**Given data**.
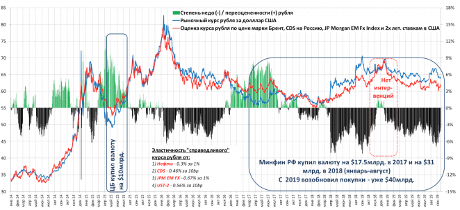 Очевидным образом это стало следствием осознанной политики Минфина и ЦБ, направленной на структурное удержание курса рубля на заниженном уровнем. Таким образом, осуществляется еще одна форма трансферта благосостояния из карманов населения в бюджет и прибыли экспортеров. Цели достигнуты: ЗВР и ФНБ восстановлены на почти докризисных уровнях, инфляция «как в морге», экспортеры защищены от падения мировых цен на нефть, газ и металлы и могут выплачивать высокие дивиденды и оплачивать нацпроекты.
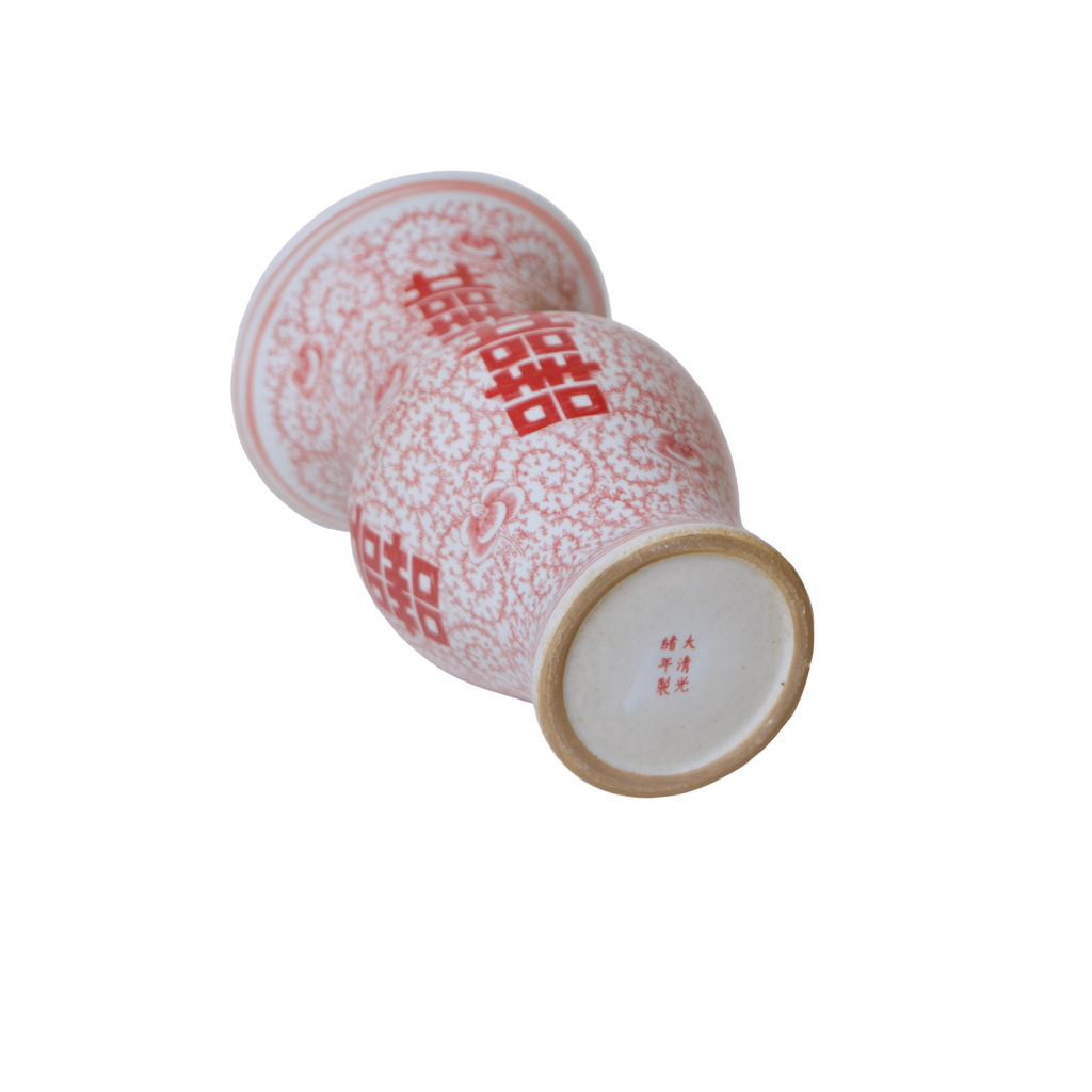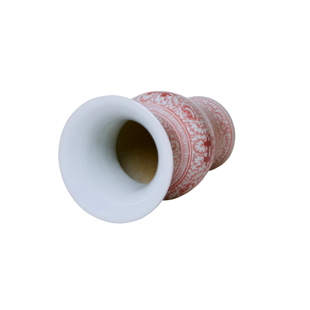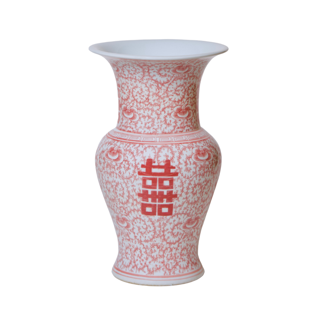 Double Happiness Red & White Porcelain Trumpet Vase
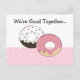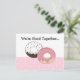 Två frostade munkar med sprinkler, en mjuk rosa gräns med små vita prickar. Ett sött budskap som säger "vi är bra tillsammans"
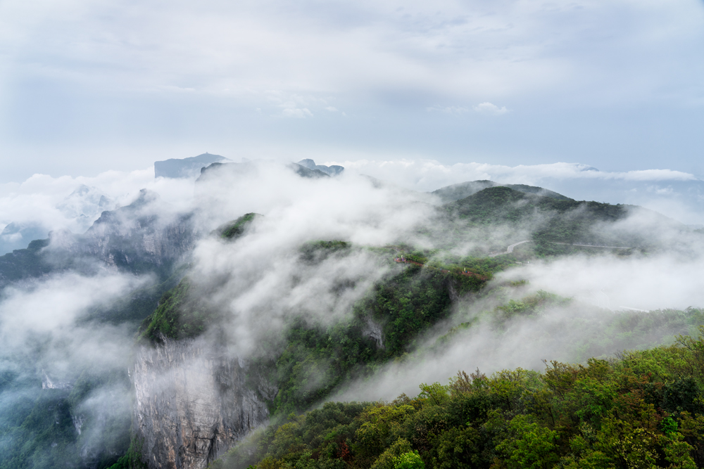 七星山,最高海拔1528米,雨后的七星山云雾翻腾,蔚为壮观,山巅之路穿行在云海之中,如云中天路。
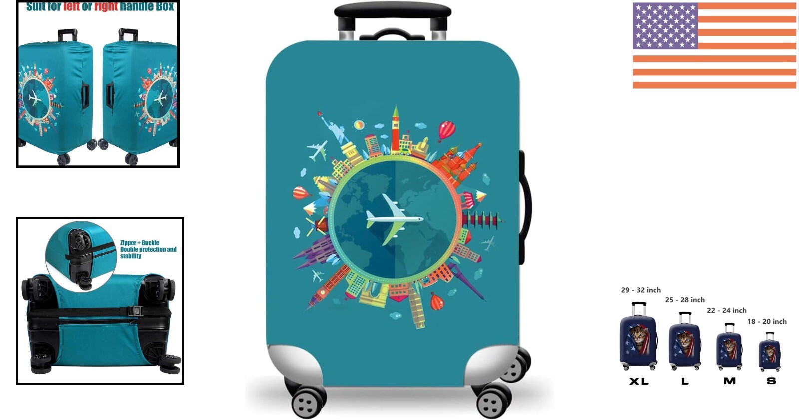 Особенности: Washable, Durable, Elastic, Luggage cover protector, High laminating, Highly elastic, Shaped like yoga tenacity, Super thickness, Increase abrasion resistance, Protects suitcase against dirt, Unique side opening design, Zippers for side handles, Zipper at bottom, Elastic buckle at bottom, Easy to fit, Easy to remove, Fashion design, Colorful cover
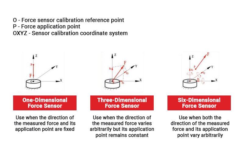 Force sensors are classified according to their measurement capabilities, ranging from one-dimensional to six-dimensional systems. One-dimensional sensors measure force in a single, predetermined direction with a fixed action point, with common examples including load cells and pressure sensors used in simple weight or pressure detection applications. Three-dimensional sensors represent an advancement in capability, simultaneously measuring force components along the X, Y, and Z axes in three-dimensional space. While effective for applications with a fixed action point, these sensors encounter significant measurement errors when force is applied away from the sensor's center, as they cannot compensate for the resulting torque components.
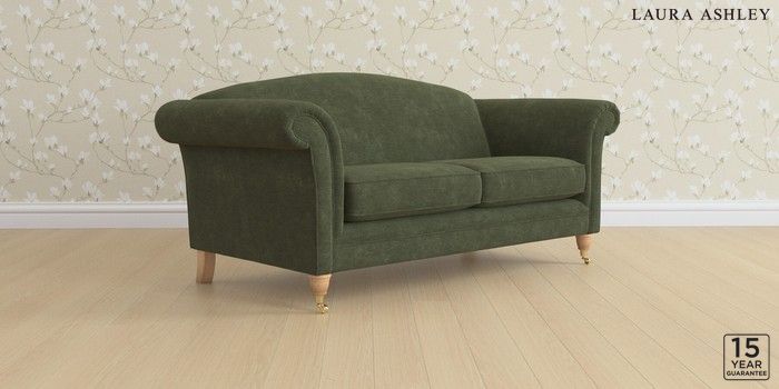 6.12.1 Buy Gloucester by Laura Ashley 3 Seater Small Sofa Alwyn Velvet Ivy Green Low Brass Castor - Light Oak from the Next UK online shop Click here to use our accessible website
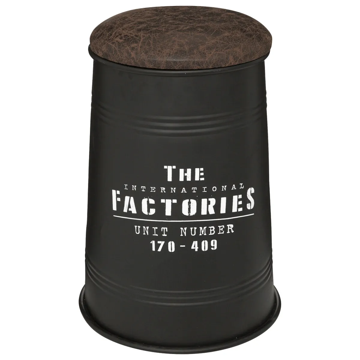 Réalisé à partir d’un bidon cylindrique en acier, le pouf « Joao » est doté d’une assise rembourrée et amovible qui ouvre sur un espace de rangement. Peint dans un ton mat et décoré d’inscriptions au style vintage, il vous permettra de ranger des plaids ou de faire ponctuellement place nette dans votre intérieur. L’assise confortable imite le cuir vieilli.
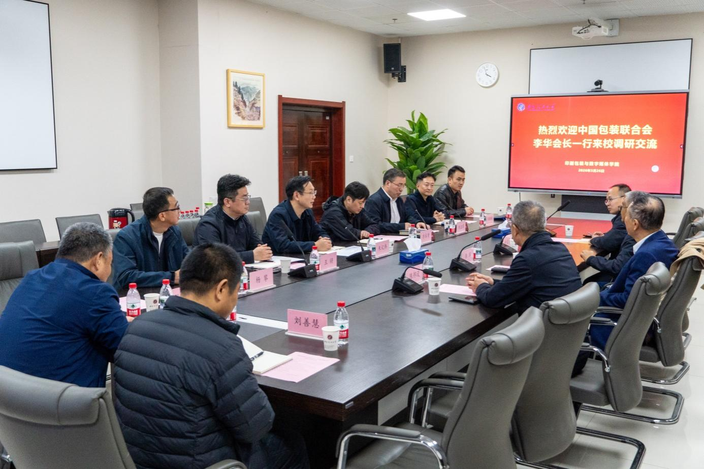 3月26日下午,中国包装联合会会长李华一行来我校调研交流。校党委书记李智军,省纪委监委驻校纪检监察组组长、校党委副书记、纪委书记李鹏在金花校区第一接待室会见来宾,副校长朱记伟参加座谈会并致辞。
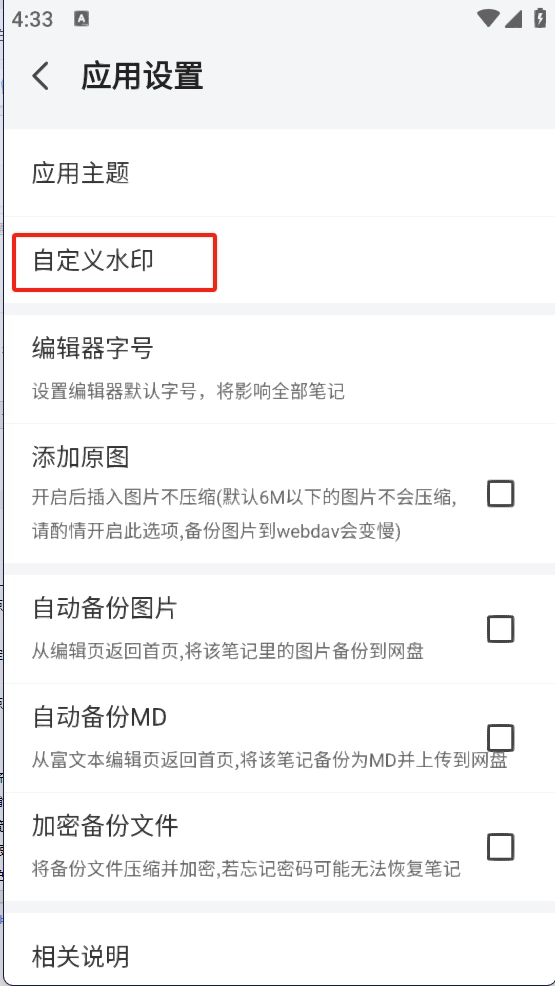 3、在设置中心中点击【自定义水印】功能;
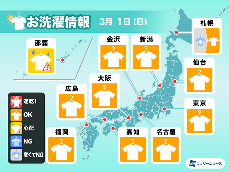 3月1日(日)の洗濯天気予報…
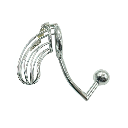 Размеры: длина корпуса по верхней дуге 14 см., длина корпуса по нижней дуге 8 см.,внутренняя длина корпуса 10 см., внутренний диаметр корпуса 4 см., внутренний диаметр запорного кольца 5 см., длина анального плага 5,5 см., диаметр шара 3 см.
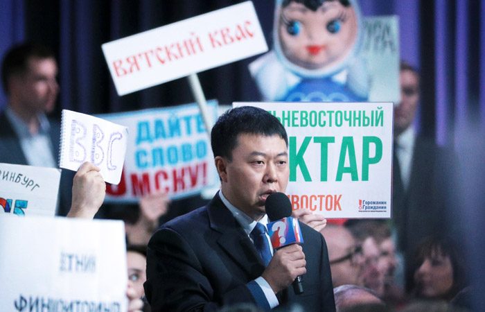 Президент заметил на плакате девушки в зале "Путин бай-бай" и захотел объединить вопросы, но "бай-бай" на самом деле оказался "бабаем" - то есть дедушкой по-татарски, и вопрос у журналистки был о языке и регионах. Не стоит ли планов по укрупнению регионов? По словам Путина, главное - создать равные условия для стартовой жизни детей из разных регионов и разных национальностей. Укрупнения регионов не будет, так как это опасно для единства РФ - каждый народ должен сам выбирать формы слияния.
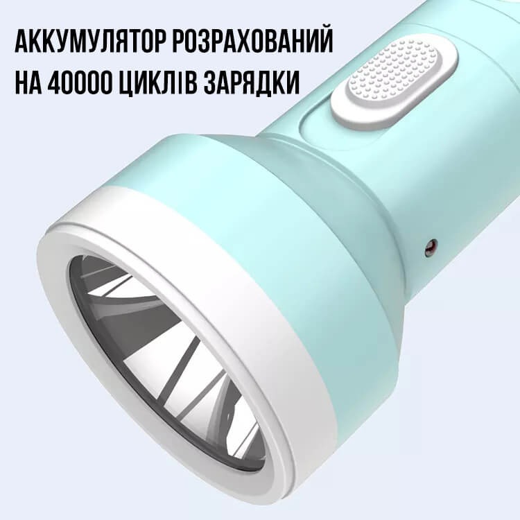 Яскраво світить протягом 3 годин та швидко заряджається від мережі завдяки вбудованій вилці. Аккумулятор розрахований на 40000 циклів зарядки.
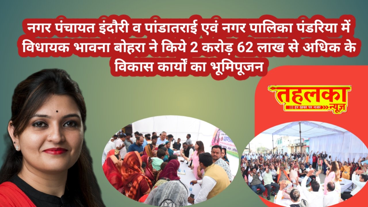 नगर पंचायत इंदौरी व पांडातराई एवं नगर पालिका पंडरिया में विधायक भावना बोहरा ने किये 2 करोड़ 62 लाख से अधिक के विकास कार्यों का भूमिपूजन
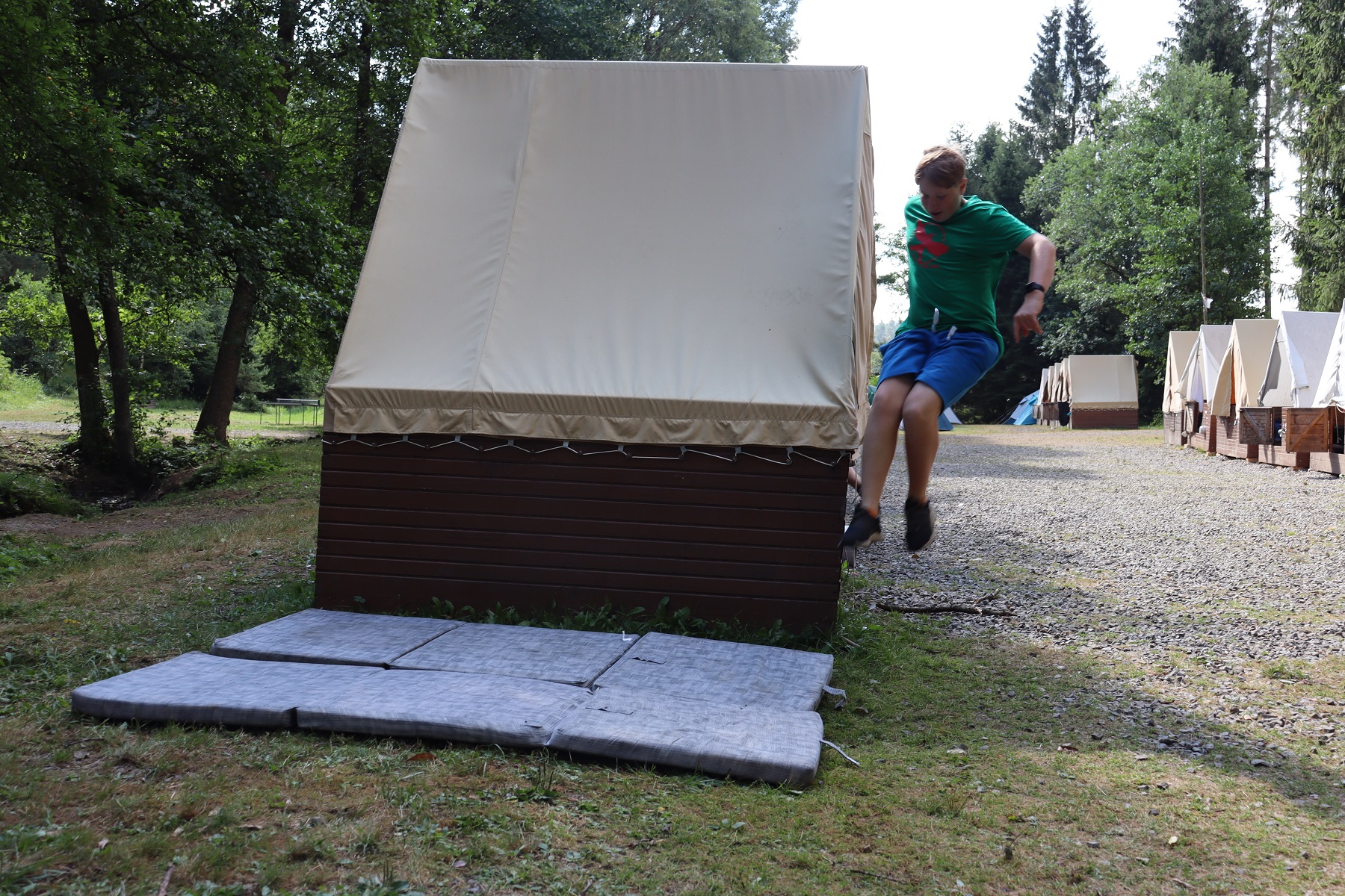 Večer jsme odehráli další dva zápasy v softballovém turnaji a znavení zalehli do stanů a s obavami čekali, co si na nás další den tvůrci her vymyslí.

**Work request**.
Begin at the line in the entries above that has "七星山,最高海拔1528米,雨后的七星山", stop after the line that has "Особенности: Washable, Durable, Elastic, Luggage", and output exactly those lines without pictures.

**Answer section**.
 七星山,最高海拔1528米,雨后的七星山云雾翻腾,蔚为壮观,山巅之路穿行在云海之中,如云中天路。
 Особенности: Washable, Durable, Elastic, Luggage cover protector, High laminating, Highly elastic, Shaped like yoga tenacity, Super thickness, Increase abrasion resistance, Protects suitcase against dirt, Unique side opening design, Zippers for side handles, Zipper at bottom, Elastic buckle at bottom, Easy to fit, Easy to remove, Fashion design, Colorful cover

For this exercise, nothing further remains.